TO: Dog Owners
FROM: The Pensive Turtle
DATE: August 10, 2006
This morning during my run, I was nearly assaulted on three separate occasions, by three different dogs. None of these dogs were on leashes.
Owners, are you BEGGING for lawsuits? Are your lives really so empty and your pockets so full?
The first dog was one of those stealthy, shepherd types. I didn't even know it was there until I was about ten feet from it, at which point it sprang to life in a barking frenzy. Luckily I knew what to do in a situation like this: scream my ass off and run faster. Which, in turn, caused Kujo to go even crazier.

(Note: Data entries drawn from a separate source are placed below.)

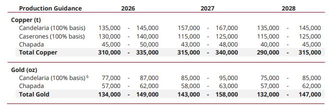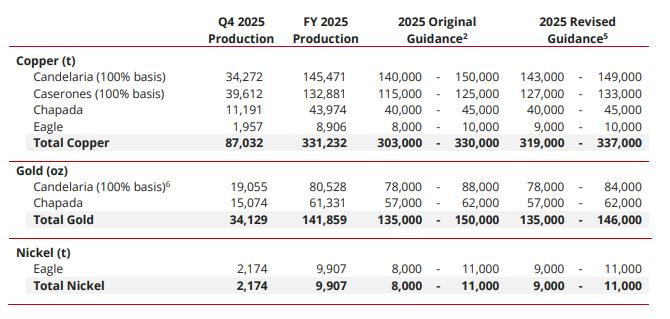 同样位于智利的Candelaria铜矿在2025年生产了145,471吨铜。
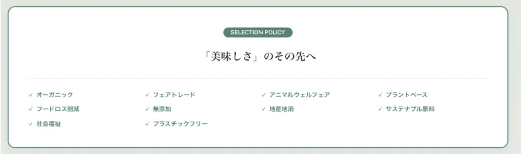 そんな体験を届けたくて、オーガニック、フェアトレード、プラントベース、アニマルウェルフェアなど、複数のサステナブル基準のうち2つ以上を満たした出店者のみを厳選しました。
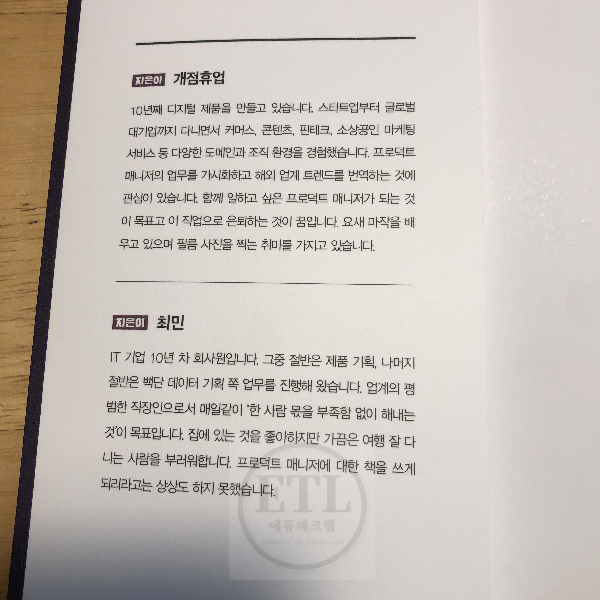 이렇게 상세한 내용을 다룰 수 있는 이유는 바로 10년 차 현직 프로덕트 매니저인 저자 두 분이 함께 글을 썼기 때문입니다.
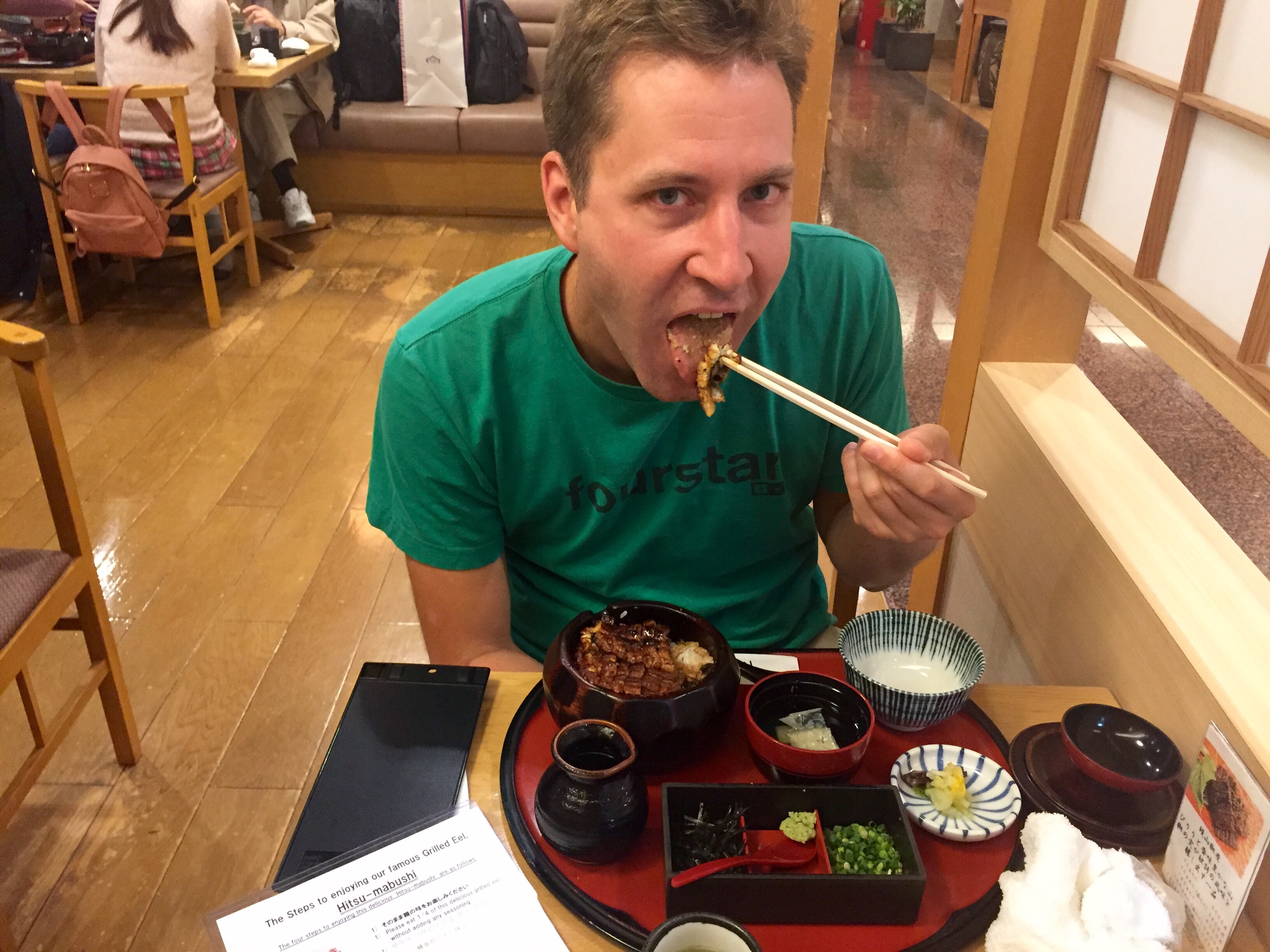 Als der Shinkansen noch in weit entfernter Zukunft lag, Sushi sich langsam als Alltagsgericht zu etablieren begann und die Hauptstadt noch Edo hiess, wurde unter anderem der Nakasendo als wichtige Verbindungsroute zwischen Kyoto und der Hauptstadt benutzt. Da sich Steffi & Pauli derzeit in Richtung Tokyo bewegen, durften sie sich auf ihrer Reise ein kleines Teilstück dieses immer noch gut erhaltenen Pflastersteinwegs natürlich nicht entgehen lassen. So bekamen sie nicht nur einen interessanten Einblick in die längst vergangene Edo-Zeit, sondern trafen zufälligerweise auch auf die ziemlich scheuen Japanmakaken, auch bekannt als Rotgesichtsaffen. Dass ihnen auch noch ein Bär über den Weg lief, schien eher unwahrscheinlich, denn die zahlreichen Glocken, welche zwecks Warnung entlang des Weges aufgestellt sind, wurden von Pauli immer sehr ausgiebig getestet. Als Lehrperson ist sich Steffi den Umgang mit Kindern ja bestens gewöhnt. So konnten die beiden auch den Besuch in das Eisenbahnmuseum von Nagoya und die Toyotawerke von Toyota wagen. Denn die herausgeputzten Lokomotiven und Waggons aus früheren und modernen Zeiten, der detaillierte Einblick in den Aufbau eines Shinkansen oder die Präsentation der technisch anspruchsvollen Magnetschwebebahn Maglev schienen auch in diesem Fall das Kind in Pauli zu wecken. Steffi’s geduldiger Art sei Dank, dass Pauli fast die gesamte Ausstellung anschauen durfte. Nicht nur die Eisenbahn spielt eine wichtige Rolle in der Bewältung des japanischen Verkehrs, auch die Autoindustrie ist mit globalen Herstellern sehr präsent. Nirgends auf der Welt ist die Prius-Dichte wohl höher als in Japan. Nicht zuletzt aus diesem Grund wählten Steffi & Pauli die Toyota-Werke für eine Fabrikbesichtigung aus. Eine übers ganze Gesicht strahlende Japanerin begrüsste die rund 30 aus verschiedenen Erdteilen stammenden Teilnehmerinnen und Teilnehmer. Auf der Tour wurden nicht nur nackte Zahlen vorgelegt, sondern vor allem auch interessante Einblicke in die bis aufs Detail einstudierten Fertigungstechniken gewährt. Toyota gilt nicht umsonst als ein Meister der Effizienz. So arbeiten in Teilen der Anlage praktisch ausschliesslich Roboter, doch für den Ein- und Zusammenbau und die abschliessende Inspektion sind glücklicherweise immer noch Menschen zuständig. Da die Tourleiterin Mühe hatte mit der Ausprache des englischen R und stattdessen ein L verwendete, ergaben sich manchmal sehr amüsante Situationen. So zum Beispiel als sie ein Fertigungsverfahren anhand des Modells ‚Crown‘ vorstellte. Doch genau dies liess die ausgezeichnet eingebübten und daher oftmals roboterartigen Sätze sehr symphatisch daherkommen. Von den Touren, Erlebnissen und Eindrücken hungrig geworden, probierten sie am Abend die regionale Spezialität von Nagoya: Unagi respektive Aal auf Reis, mmmmmh!
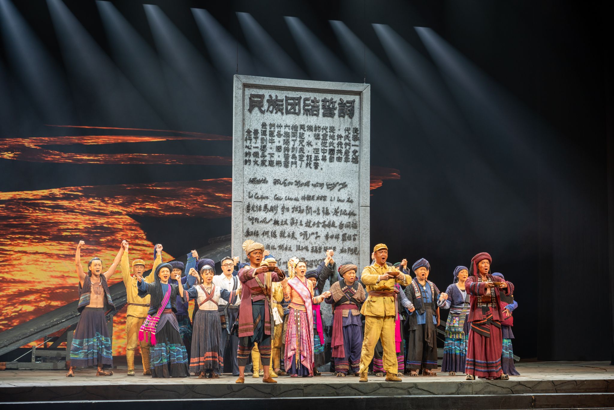 《澜沧水长》是由云南省话剧院创作排演的原创民族史诗话剧,紧紧围绕铸牢中华民族共同体意识这一主线,生动展现了1950年前后中国人民解放军民族工作队在澜沧江畔各民族村寨开展民族团结工作,并最终促成26个民族代表于1951年元旦在普洱立下“民族团结誓词碑”的重要历史事件。演出场面震撼,剧情跌宕起伏,让观众感受到了强烈的情感共鸣,仿佛回到70多年前的澜沧江畔,见证了那段错综复杂又波澜壮阔的历史。
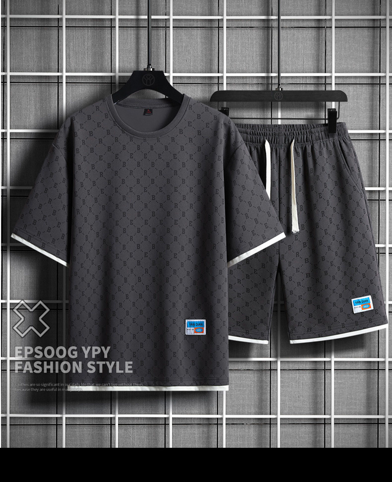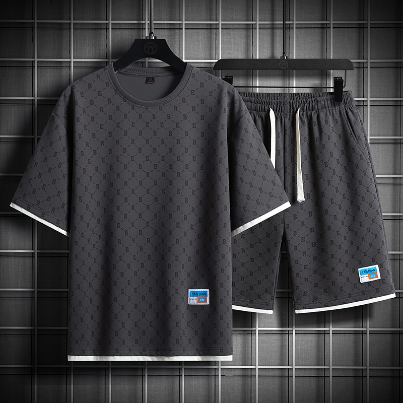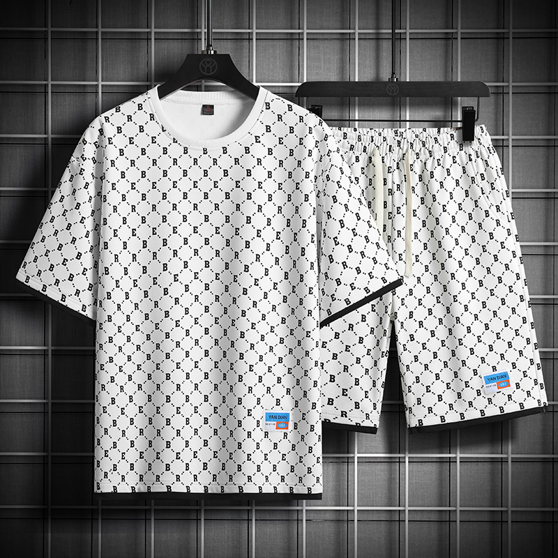 세트 남자 여름 중립 패션 짧은 T 느슨한 올 매치 최고 캐주얼 학생 반바지 스포츠 투피스 세트
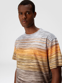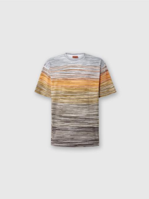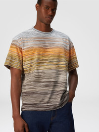 The crew-neck t-shirt is offered with a very Missoni variant: in shaded slub jersey and with a logo print on the back. MORE DETAILS - Crew Neck T-Shirt - Gradient Flame Print - Rear logo lettering Composition: EXTERNAL:100%Cotton Care instructions: Ironing maximum temperature 110°C - without steam ; Dry cleaning in tetrachloroethene ; Wash max 30°C - Very mild process ; Do not tumble dry ; Dry flat ; Do not bleach Made in: Romania Product ID US24WL0ABJ00E5SM9DC
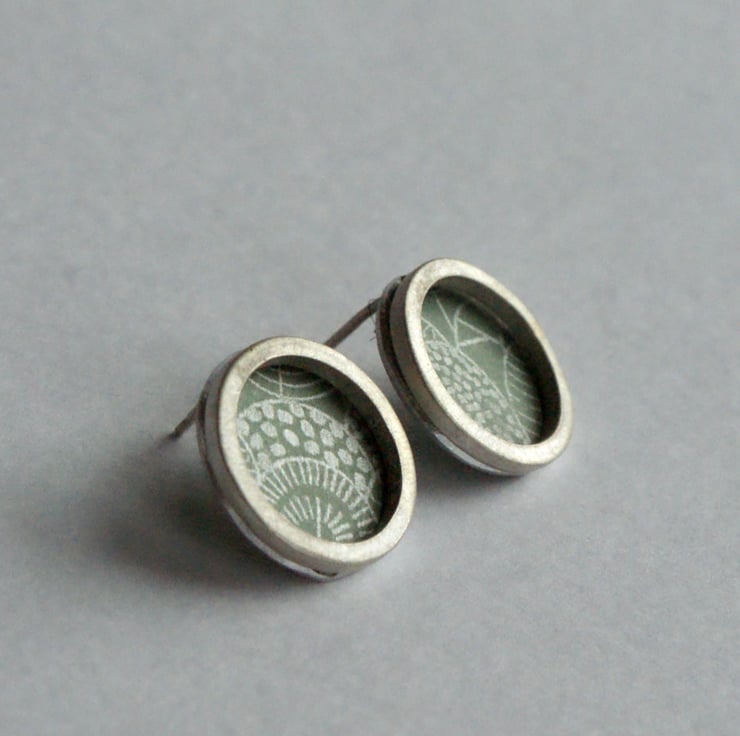 A lovely pair of earrings perfect for everyday wear. The coloured pieces have a forest pattern designed by me and made into a resist which I then apply to the anodised aluminium. The metal is then dyed and sealed and the resist removed leaving the pattern in the silver colour of the aluminium.
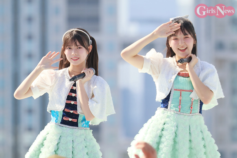 続けて「私たちロージークロニクルは今年の3月にデビューした、ハロー!プロジェクトのいちばん新しいグループです。今日はこのステージを通してたくさんの方に知っていただけるように頑張ります!」と意気込みつつ、「外のステージはとっても暑いので皆さん、水分補給をして、体調第一に頑張っていきましょう!」とファンを気遣った。
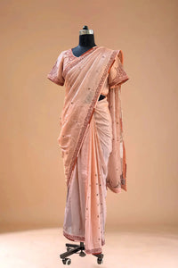 Whispers of Kashmir come alive in Gulresham, an exquisite saree adorned with fine resham embroidery, glass beads, and zardozi detailing.
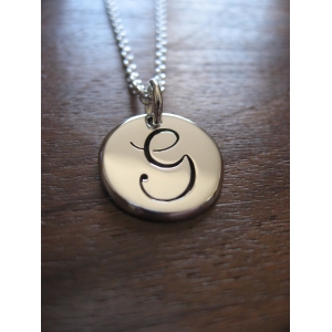 A handmade silver initial charm, it is approximately 1.2mm thick and 1.5cm wide, the initial of your choice is hand cut into the metal, you will see it reversed on the back, and if you hold it up to the light you will see through it!
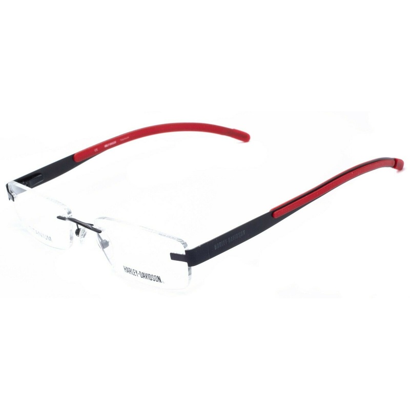 HARLEY-DAVIDSON Rimless Frames - 100% Authentic - HD 417 BLKSatin black titanium frames and arms with HD logosMatte red rubber arm coversAdjustable nose pads for a comfort fitNever been wornLens Width = 53mmLens Height = 29mmBridge = 18mmTemple (Arm Length
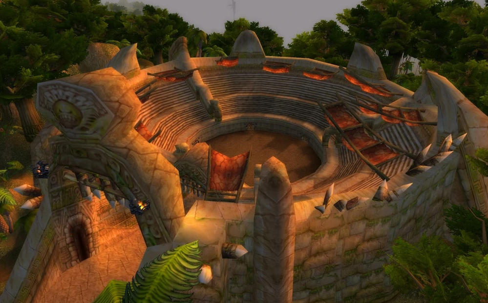 这是在荆棘谷为数不多的几个你可以参观的地方之一,而且不会马上被抓起来杀掉。古老的古拉巴什巨魔在许多年前建造了一个巨大的角斗场,现在它变成了废墟——尽管剩下的古拉巴什巨魔仍然会在角斗场内举行比赛。有些参与者是志愿者,有些是被其他巨魔部落卖到竞技场的旅行者或冒险家。著名的角斗士是非常受欢迎的,和很多参与者一样,你可以在这场豪赌中赢得和失去(包括一个人的生命)很多、很多。
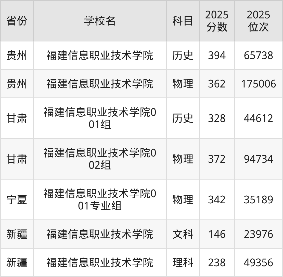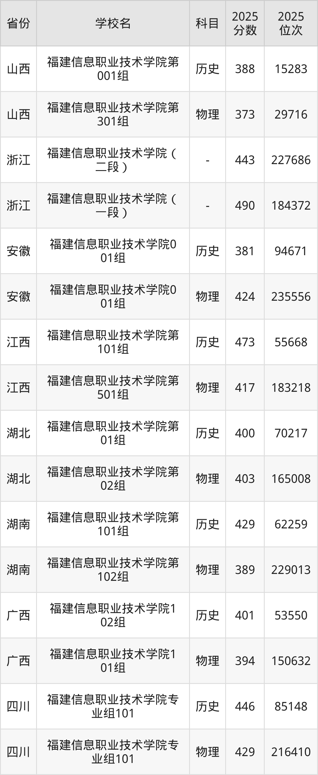 下面是福建信息职业技术学院2025年录取分数线各省汇总,一起来了解下吧。

Finally I heard the owner (who sounded like a 90 year-old, chain-smoking waitress) bellow from inside her screen door for the dog to back off.
The second incident occurred about fifteen minutes later. This dog I heard and felt, but did not actually see. It had a deep bark and was on the other side of a wooden fence I was passing. It followed me the distance of the fence and all I could do was pray that its owner had latched the gate.
Owner, you're damn lucky.
By this point, I'd had enough. My adrenal glands were running dry. But just for spite in the last leg, the third and final dog - an Irish Jack terrier - decided to add its two cents. It came careening down the driveway at me and while my initial response was to kick it back up to its house like a soccer ball, I refrained. Jacks are my favorite dogs.
Bottom line: Owners, please leash your mongrels. For the sake of all involved.
PS: Please note that this memo was not directed toward the two men standing in their driveway watching the [unleashed] pit bull sparring with the Doberman. Fortunately the dogs were way too consumed with killing each other to notice me.
And fellas, your instigation of such a grudge-match (and obvious delight) is twisted enough to warrant your own memo, forthcoming.